Benchmarking Performance of a Query - Part 1 Elapsed Time

Wednesday Jan 21st 2004 by Gregory A. Larsen
Share:

How many times have you had more than one way to do something and wanted to determine which method was faster or which one used less resources? In the first of this two-part series, Greg Larsen discusses some methods for using Query Analyzer to help make this decision.

How many times have you had more than one way to do something and wanted to determine which method was faster and/or which one used more resources? I am going to guess that most developers have run across this dilemma more than once. So how do you decide with method is faster--or which method requires more resources? In this two part series, I will discuss some of the methods I use in Query Analyzer (QA) to help me decide which coding method might be faster and use less resources.

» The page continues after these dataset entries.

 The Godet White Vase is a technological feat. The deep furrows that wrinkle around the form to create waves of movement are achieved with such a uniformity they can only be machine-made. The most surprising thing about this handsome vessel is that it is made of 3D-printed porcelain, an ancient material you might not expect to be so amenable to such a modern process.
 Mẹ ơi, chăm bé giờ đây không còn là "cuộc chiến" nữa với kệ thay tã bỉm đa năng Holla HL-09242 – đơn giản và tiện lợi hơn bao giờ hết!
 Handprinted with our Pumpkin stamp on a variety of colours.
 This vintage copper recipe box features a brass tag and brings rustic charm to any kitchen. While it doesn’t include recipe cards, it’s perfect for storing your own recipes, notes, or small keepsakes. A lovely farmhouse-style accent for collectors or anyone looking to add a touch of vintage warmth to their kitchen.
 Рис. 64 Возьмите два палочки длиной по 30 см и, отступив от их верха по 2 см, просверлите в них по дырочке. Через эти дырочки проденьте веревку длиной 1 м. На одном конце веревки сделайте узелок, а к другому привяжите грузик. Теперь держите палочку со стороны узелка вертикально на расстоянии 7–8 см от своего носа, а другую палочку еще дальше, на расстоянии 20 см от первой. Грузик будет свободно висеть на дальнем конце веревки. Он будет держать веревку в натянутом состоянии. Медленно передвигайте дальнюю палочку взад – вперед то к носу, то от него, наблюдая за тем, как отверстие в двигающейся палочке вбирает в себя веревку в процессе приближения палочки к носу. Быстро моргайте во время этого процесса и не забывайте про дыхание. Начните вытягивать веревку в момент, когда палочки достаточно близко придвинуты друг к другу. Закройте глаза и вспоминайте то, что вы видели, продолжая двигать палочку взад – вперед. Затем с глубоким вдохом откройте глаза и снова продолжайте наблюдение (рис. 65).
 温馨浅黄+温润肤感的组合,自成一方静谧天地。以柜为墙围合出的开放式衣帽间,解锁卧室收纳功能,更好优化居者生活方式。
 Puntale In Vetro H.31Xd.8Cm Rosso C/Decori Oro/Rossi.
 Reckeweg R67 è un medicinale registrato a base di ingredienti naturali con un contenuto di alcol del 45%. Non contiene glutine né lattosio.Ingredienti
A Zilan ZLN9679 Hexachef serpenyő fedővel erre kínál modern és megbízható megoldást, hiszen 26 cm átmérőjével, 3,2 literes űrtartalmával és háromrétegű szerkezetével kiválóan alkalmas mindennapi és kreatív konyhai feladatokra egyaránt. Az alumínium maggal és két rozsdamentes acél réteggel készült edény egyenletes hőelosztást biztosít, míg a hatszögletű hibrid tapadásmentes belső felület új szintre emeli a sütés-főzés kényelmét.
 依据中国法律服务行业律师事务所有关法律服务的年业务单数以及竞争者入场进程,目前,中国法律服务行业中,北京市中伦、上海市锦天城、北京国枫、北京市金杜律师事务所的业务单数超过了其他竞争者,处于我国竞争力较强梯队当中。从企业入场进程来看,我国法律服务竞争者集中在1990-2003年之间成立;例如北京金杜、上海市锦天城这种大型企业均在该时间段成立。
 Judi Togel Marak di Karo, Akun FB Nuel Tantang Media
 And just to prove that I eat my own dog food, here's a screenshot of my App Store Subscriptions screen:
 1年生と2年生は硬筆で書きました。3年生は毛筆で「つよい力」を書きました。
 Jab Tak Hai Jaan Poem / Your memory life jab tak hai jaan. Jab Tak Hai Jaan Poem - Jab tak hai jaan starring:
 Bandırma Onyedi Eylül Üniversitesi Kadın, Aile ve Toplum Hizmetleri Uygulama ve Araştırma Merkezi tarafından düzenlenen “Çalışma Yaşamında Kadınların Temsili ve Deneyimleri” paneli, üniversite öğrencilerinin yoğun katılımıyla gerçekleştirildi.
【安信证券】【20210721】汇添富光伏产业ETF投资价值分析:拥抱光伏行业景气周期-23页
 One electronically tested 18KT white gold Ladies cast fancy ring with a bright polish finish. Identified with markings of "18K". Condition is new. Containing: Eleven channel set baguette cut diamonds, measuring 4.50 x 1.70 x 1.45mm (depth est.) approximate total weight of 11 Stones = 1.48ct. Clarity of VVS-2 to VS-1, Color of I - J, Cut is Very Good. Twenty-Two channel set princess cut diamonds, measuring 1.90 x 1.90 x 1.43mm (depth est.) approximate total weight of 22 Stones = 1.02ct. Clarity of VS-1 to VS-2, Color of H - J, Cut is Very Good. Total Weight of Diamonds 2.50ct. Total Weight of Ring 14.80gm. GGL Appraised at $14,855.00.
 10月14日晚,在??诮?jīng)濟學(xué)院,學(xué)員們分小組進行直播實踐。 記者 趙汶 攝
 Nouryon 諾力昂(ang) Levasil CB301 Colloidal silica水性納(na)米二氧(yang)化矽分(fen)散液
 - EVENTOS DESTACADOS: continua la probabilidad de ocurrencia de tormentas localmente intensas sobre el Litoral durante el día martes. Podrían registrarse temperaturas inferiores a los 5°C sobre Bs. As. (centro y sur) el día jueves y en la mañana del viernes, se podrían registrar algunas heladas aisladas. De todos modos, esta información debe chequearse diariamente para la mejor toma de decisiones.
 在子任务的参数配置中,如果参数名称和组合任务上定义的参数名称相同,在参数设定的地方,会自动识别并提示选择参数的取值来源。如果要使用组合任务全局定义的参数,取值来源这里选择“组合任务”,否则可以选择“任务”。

So when we talk about how fast a chunk of code runs, what do we really mean? Are we talking about how much CPU the code consumes to accomplish its task, or are we talking about the number of I/O's the code takes to get all the data needed to return the result set? Alternatively, are we talking about the elapsed time it takes the code to run? In my mind, elapsed time is really the yardstick to use for how fast a piece of code runs. Elapsed time is the time customers have to wait while a piece of code runs. However, you still need to consider the cost of the code, and that is where CPU and I/O come into play. I consider CPU and I/O to be the resources consumed when running code. This two part series will look at techniques that can be used to identify the elapsed time, and resources used when you run a piece of code. This first article will discuss the methods I used to determine how fast code runs, or what I call the elapsed time of a query or set of T-SQL statements.

Elapsed Time

Elapsed time is the clock time it takes to run a piece of code. Basically, the elapsed time is the number of hours, minutes, second, and/or milliseconds it takes to run a chuck of code. Normally when we talk about how fast some code runs we are really talking about the overall elapsed time. Let's review a couple of different methods I use to review the elapsed time of a query.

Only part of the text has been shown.